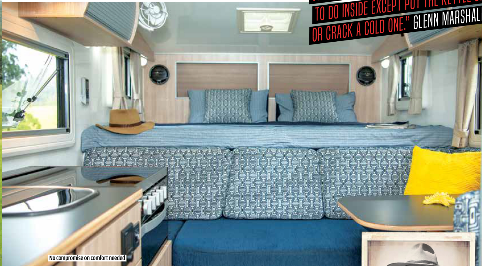
No compromise on comfort needed

"SET UP IS SIMPLE, PARK AND LEVEL THE VEHICLE AND YOU'RE DONE, WITH NOTHING TO DO INSIDE EXCEPT PUT THE KETTLE ON OR CRACK A COLD ONE." GLENN MARSHALL
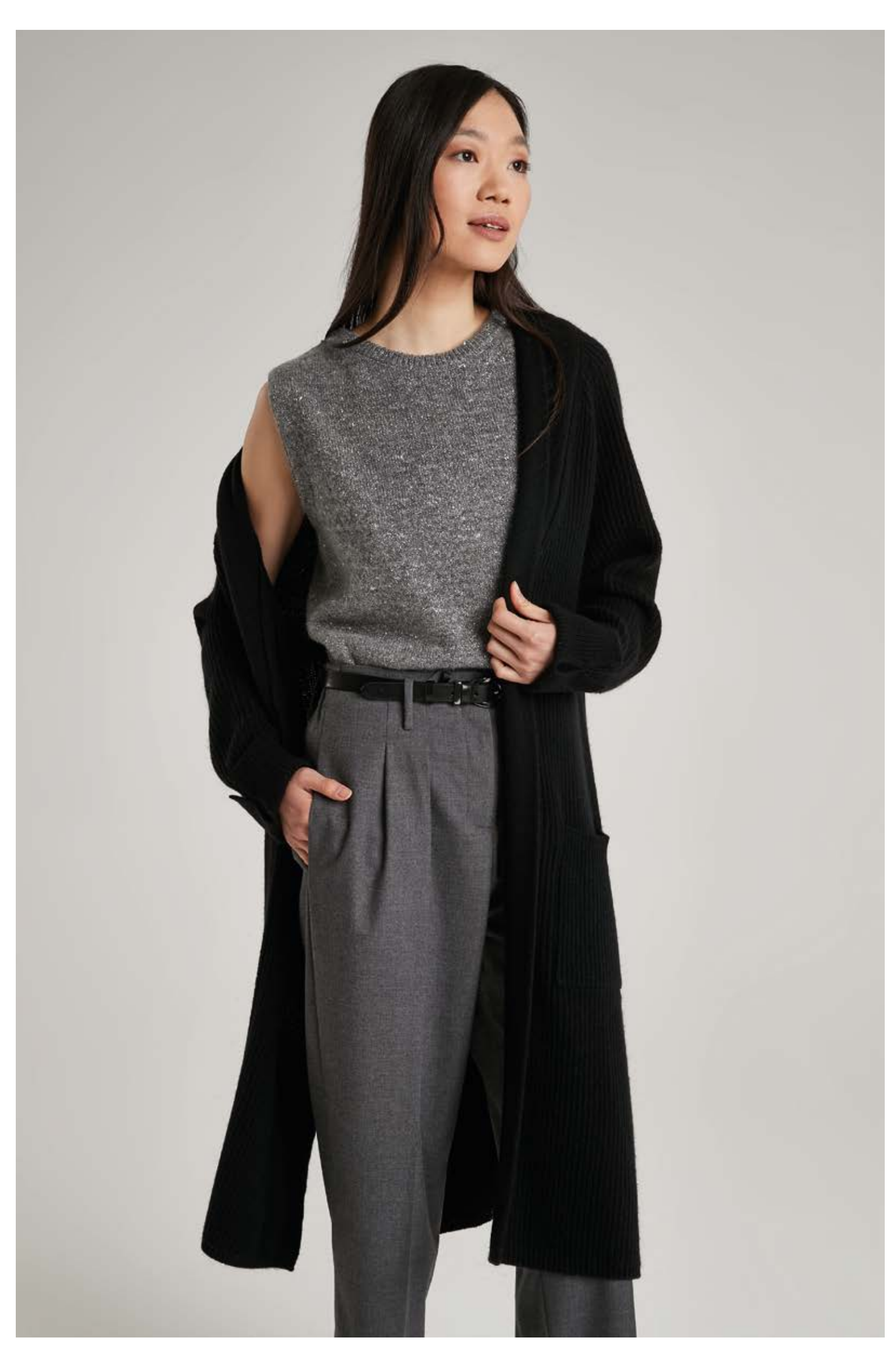
Gilet in cashmere and wool with lurex, art. 2604 Cardigan in wool and cashmere, art. 2217 Trousers in viscose, art. 3022 - Leather belt, art. 6038

■ DIRECTIONS FOR THIS TASK: Return the material above exactly; the images stay out.

■ TASK OUTPUT:
No compromise on comfort needed

"SET UP IS SIMPLE, PARK AND LEVEL THE VEHICLE AND YOU'RE DONE, WITH NOTHING TO DO INSIDE EXCEPT PUT THE KETTLE ON OR CRACK A COLD ONE." GLENN MARSHALL
Gilet in cashmere and wool with lurex, art. 2604 Cardigan in wool and cashmere, art. 2217 Trousers in viscose, art. 3022 - Leather belt, art. 6038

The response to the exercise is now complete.